Two masters and only one answer for the RBA
In a preview earlier this week, we noted that a firm Q1 Australian inflation print would likely confirm the end of the era of ultra-low interest rates in Australia and the possibility of an interest rate hike as early as next week.
However, the strength of the inflation number means the possibility of a rate hike next week has become a necessity, putting the RBA in a very uncomfortable position. Let me explain.
The RBA has two masters. The market in whose eyes it must maintain credibility and under the RBA act of 1959, the Australian Government.
The RBA is an inflation-targeting central bank. It seeks to achieve an average inflation rate of 2-3% over time. It is viewed as a rate of inflation sufficiently low that it does not materially distort economic decisions in the community.
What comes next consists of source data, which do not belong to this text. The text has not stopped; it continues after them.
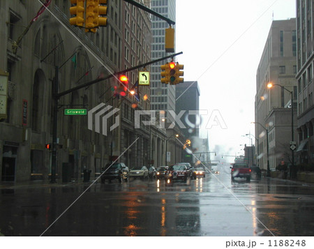 デトロイトの雨のダウンタウンにて
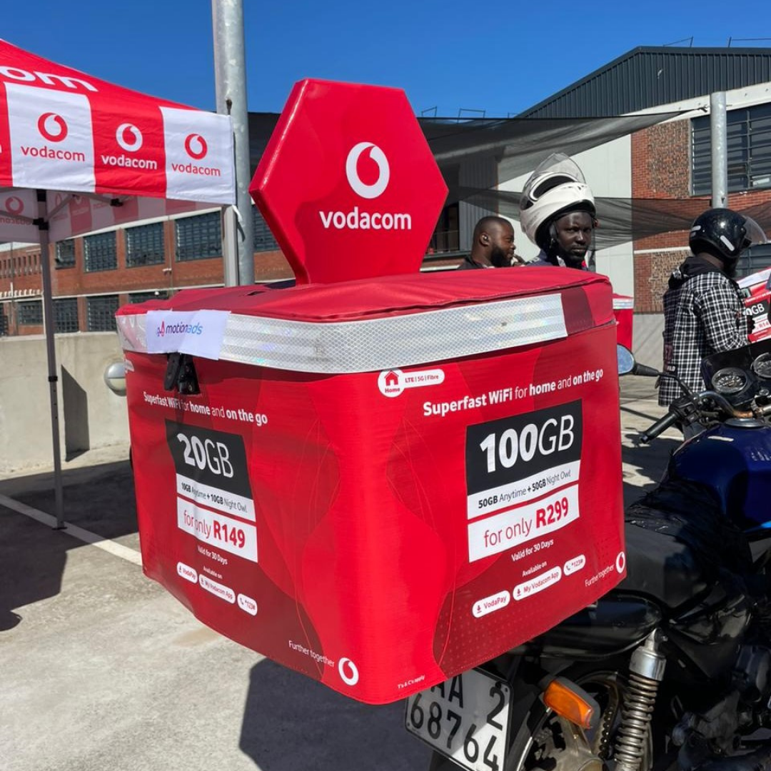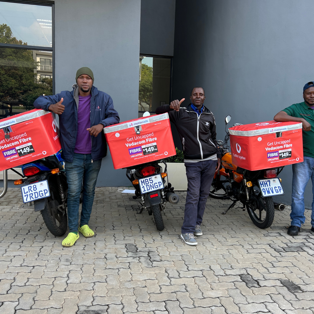 This month, Vodacom strategically extended their MotionAds campaign into the East of Johannesburg - a high-density, high-traffic region where visibility is critical.With delivery bikes carrying their R429 fibre offer, Vodacom is putting unbeatable value directly in front of consumers during their daily routines and gaining unmatched brand presence at street level.It’s hyper-local targeting at scale, designed to drive relevance and awareness where their target audience moves most.
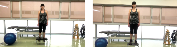 Cogemos aire de pie, frente a un escalón,aguantando durante un segundo, contrayendo suelo pelvico y recogiendo la parte inferior del abdomen. Subimos el escalón, mientras dejamos salir el aire. Una vez arriba, repetimos, cogiendo aire, contrayendo suelo pélvico y la parte inferior del abdomen a la vez que bajamos el escalón sacando el aire.
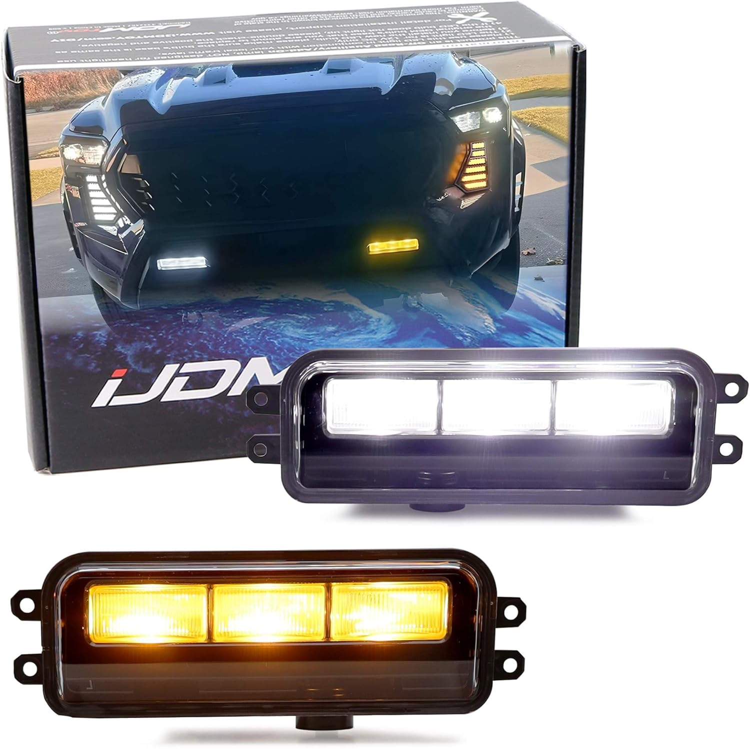 iJDMTOY Clear Lens OE-Spec Front Bumper White/Amber Dual-Color LED DRL/Fog Light w/Amber LED Driving or Turn Signal Light Feature, Compatible With Toyota 22-up Tundra/Sequoia, 24-up Tacoma, 4Runner
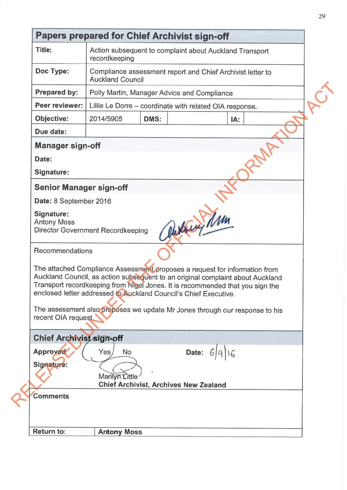 If you have any queries please contact Antony Moss, Director Government Recordkeeping
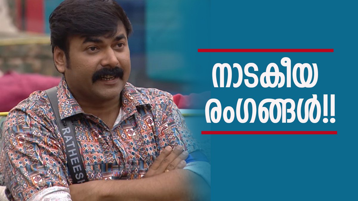 രതീഷ് ബാഗുമായി പോകുമ്പോൾ ഹൗസിലെ മറ്റ് അംഗങ്ങൾ തമ്മിൽ മറ്റ് വിഷയങ്ങൾ സംസാരിക്കുകയായിരുന്നു. വീടിന്റെ അകത്ത് നിന്നും ഇറങ്ങിയ രതീഷ് ക്യാമറയിൽ നോക്കി ബിഗ് ബോസിനോട് സംസാരിക്കുന്നുണ്ട്. വളരെ വികാരഭരിതനായിട്ടാണ് രതീഷ് സംസാരിക്കുന്നത്. 100 ദിവസം നിൽക്കണമെന്ന് ഉണ്ടായിരുന്നു. കുഴപ്പില്ല പോവുകയാണ് എന്നാണ് രതീഷ് പറഞ്ഞത്
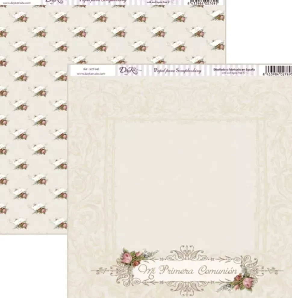 - – Papel estampado con un marco barroco cuadrado y el texto Mi Primera Comunión. Por la cara posterior, bouquets de flores repetitivos en tonos rosas sobre fondo beige.

The RBA's preferred measure of inflation is the "trimmed mean". Yesterday the trimmed mean increased by 1.4% QoQ and 3.7% YoY. Core inflation is now 70bp above the RBA's 2-3% target band, raising questions about the RBA's credibility and its delay in acting while inflation surged in other developed market countries.
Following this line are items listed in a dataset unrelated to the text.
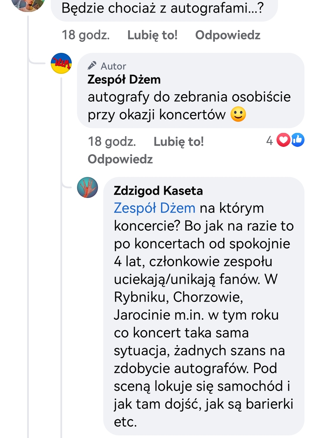 Ciekawy wątek się wywiązał na FB Dżemu co do autografów po koncercie :)
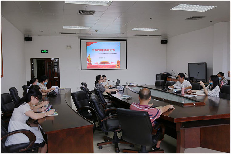 首先,由党支部副书记梁策上题为《警惕防疫中的违纪行为》的党课,结合《中国共产党纪律处分条例》和疫情防控中的违纪案例,从六个方面重点阐述了党员可能会违反的纪律以及因此要受到的惩戒,案例典型,讲课生动,达到了较好的教育效果。
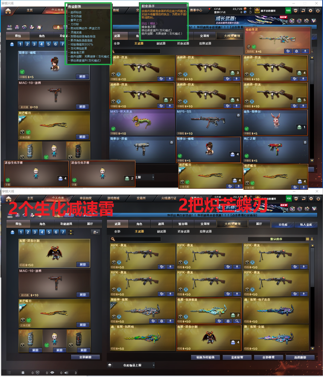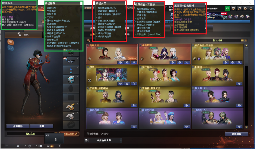 装备描述:排位:可以------------生化四防全装(可以变更背包、查看生化僵尸血量)无需换弹、6烈、6盘、炼狱小刚、斯太尔蝴蝶、斯太尔萌兔、MK5-炽火炎龙、传说圣灵、死亡之眼、MAC-涂鸦、2把炽芒蝶刃、2个生化减速雷、超级对讲机、生化常用弹匣、、、、、、、爆破四防:幻神10皮+音效(宠儿、幻神-Heartshot皮肤、AG、青鹤、2022、巅峰荣耀、冠军之幻、降龙、纸灯笼、黄忠皮肤)、M200-竞技荣光、98K星神、王者星神、USP雷暴、2个COP云龙、柯尔特竞技荣光、23白鲨柯尔特、4个世冠柯尔特、2个COP雷霆王者、2个冠军之特、G36幻影、传说暗裔、传说辉光、传说梦魇、白虎、QBZ冠军之薇、王者白虎、王者蔷薇、、、幻神音效、裁决音效、星神音效、蔷薇音效、白虎音效、毁灭音效、雷神音效、、、1套夜魔、1套电竞装甲、4套竞技荣光、3套云龙、2套雷霆王者、、、生化四防(传说影煞、职业选手)爆破四防(传说女帝、云悠悠、雨棠、王者惊若翩鸿)
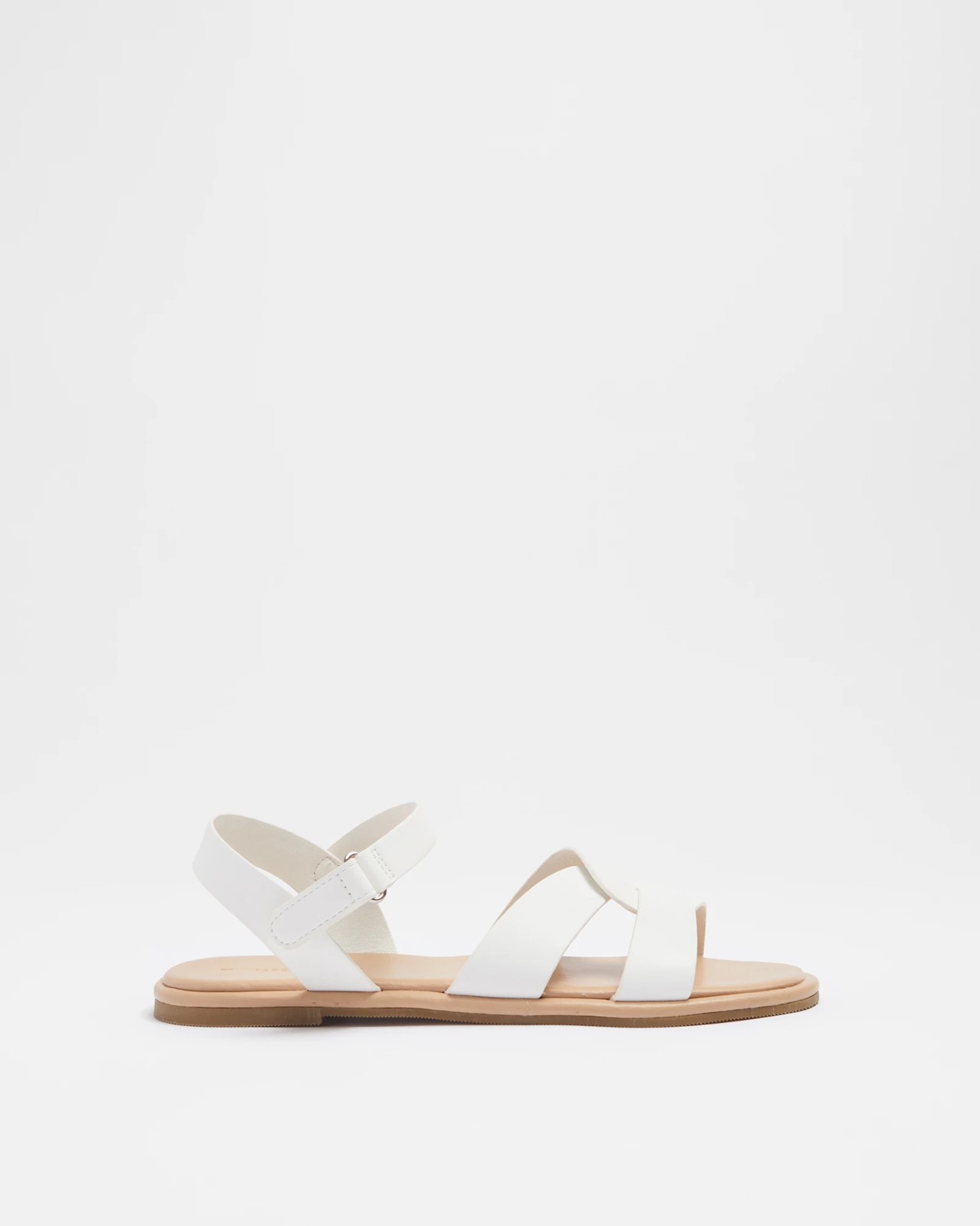 This stylish sandal is perfect for any occasion! Crafted with a synthetic leather look upper, open toe and cross strap design to the vamp, this sandal is sure to turn heads. The adjustable self-fastening ankle buckle ensures a secure fit all day and night. An open back with heel strap and padded inner sole provide extra comfort and support. The flexible non-slip sole ensures sure footing on any surface. Step out in style with Kids Youth Lola Sandal!

To rectify this, the RBA has no choice but to raise interest rates at its monthly board meeting next week for the first time since 2010. The issue with this is the timing. By raising interest rates in the lead up to the May 21 Federal Election, they will be doing their second master, the Australian Government a disservice.
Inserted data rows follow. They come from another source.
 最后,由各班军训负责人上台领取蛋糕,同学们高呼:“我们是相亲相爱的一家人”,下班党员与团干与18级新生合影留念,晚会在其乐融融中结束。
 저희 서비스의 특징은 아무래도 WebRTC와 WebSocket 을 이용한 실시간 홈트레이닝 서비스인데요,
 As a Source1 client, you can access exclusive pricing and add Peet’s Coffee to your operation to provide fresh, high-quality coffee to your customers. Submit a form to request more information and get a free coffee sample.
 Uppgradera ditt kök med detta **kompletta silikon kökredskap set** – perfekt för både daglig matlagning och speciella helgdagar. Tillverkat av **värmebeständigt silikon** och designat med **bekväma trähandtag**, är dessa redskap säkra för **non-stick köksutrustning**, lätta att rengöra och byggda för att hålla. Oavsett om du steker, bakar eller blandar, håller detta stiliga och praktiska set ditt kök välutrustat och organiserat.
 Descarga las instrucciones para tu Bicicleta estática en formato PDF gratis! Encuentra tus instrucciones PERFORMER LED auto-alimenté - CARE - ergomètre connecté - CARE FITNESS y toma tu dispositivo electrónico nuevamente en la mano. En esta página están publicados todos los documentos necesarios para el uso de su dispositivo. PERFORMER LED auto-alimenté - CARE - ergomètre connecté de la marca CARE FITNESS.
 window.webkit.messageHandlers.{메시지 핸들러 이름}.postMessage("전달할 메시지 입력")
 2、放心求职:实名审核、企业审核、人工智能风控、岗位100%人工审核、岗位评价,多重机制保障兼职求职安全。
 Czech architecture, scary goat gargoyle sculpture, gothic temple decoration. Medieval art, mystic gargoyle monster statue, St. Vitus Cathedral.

The last time the RBA raised interest rates in the lead up to an election was in 2007. The incumbent Howard government promptly lost the election three weeks later. During an election lead up, the RBA would prefer to remain out of the spotlight, to maintain a sense of impartiality and keep the focus on politics.
In an attempt to satisfy both masters, I believe the RBA will raise interest rates by 15bp at its monthly board meeting next week to get the ball rolling, taking the cash rate to 0.25%, as outlined in this note here yesterday.
To maintain credibility and to achieve its inflation target, it will then likely raise the cash rate to 1.50% by yearend.